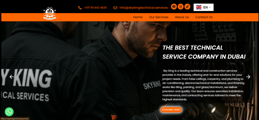 Developed a sleek and professional website for Sky King Technical Services, a Dubai-based company. Integrated multi-language support to make the platform accessible for diverse users.
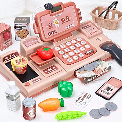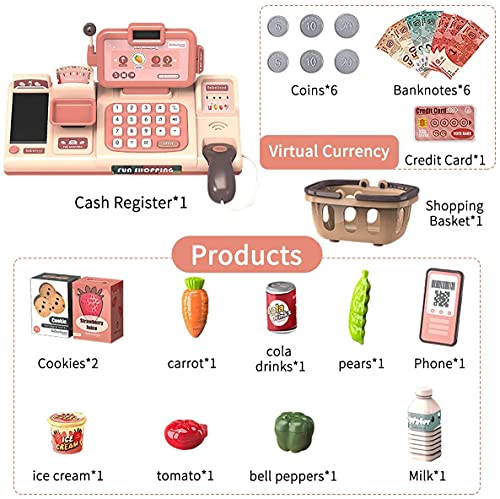 NC - Registratore di cassa elettronico fino a far finta di giocare al supermercato, con registratore di cassa intelligente con scanner, cibo, cestino per la spesa per bambini (rosa)
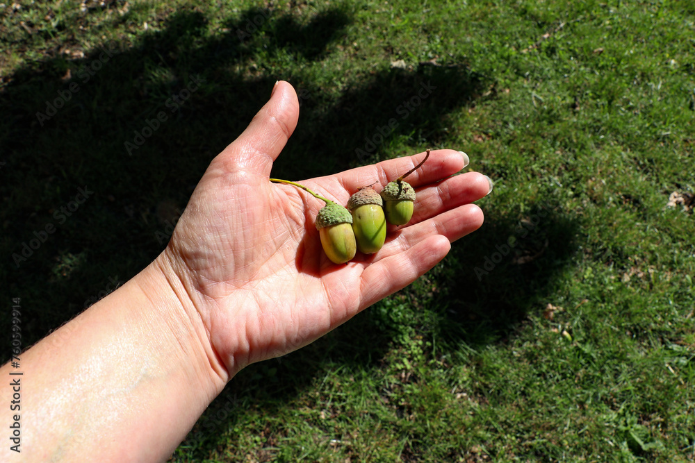 Acorns, fruits of the oak tree Quercus robur lie on the hand
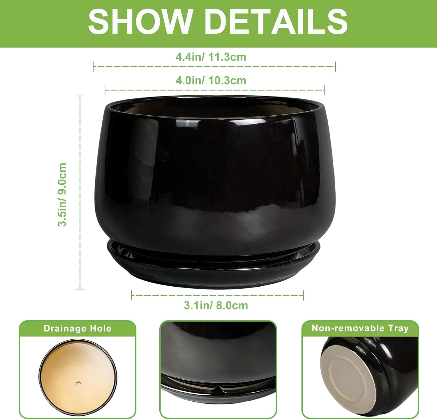 - Dimensions: The waist diameter of these ceramic plant pots is 4.4"/ 11.3cm, the external caliber is 4.0"/ 10.3cm, the height is 3.5"/ 9.0cm. This black planter is an ideal choice for growing succulent plants, cacti, aloe vera, orchids, snake plant, african violet, mint, rosemary, herbs, and other indoor & outdoor plants

§ Aim of the exercise:
Without any pictures, restate word for word only the lines from the one with "NC - Registratore" through the end of the listing.

§ Your response:
 NC - Registratore di cassa elettronico fino a far finta di giocare al supermercato, con registratore di cassa intelligente con scanner, cibo, cestino per la spesa per bambini (rosa)
 Acorns, fruits of the oak tree Quercus robur lie on the hand
 - Dimensions: The waist diameter of these ceramic plant pots is 4.4"/ 11.3cm, the external caliber is 4.0"/ 10.3cm, the height is 3.5"/ 9.0cm. This black planter is an ideal choice for growing succulent plants, cacti, aloe vera, orchids, snake plant, african violet, mint, rosemary, herbs, and other indoor & outdoor plants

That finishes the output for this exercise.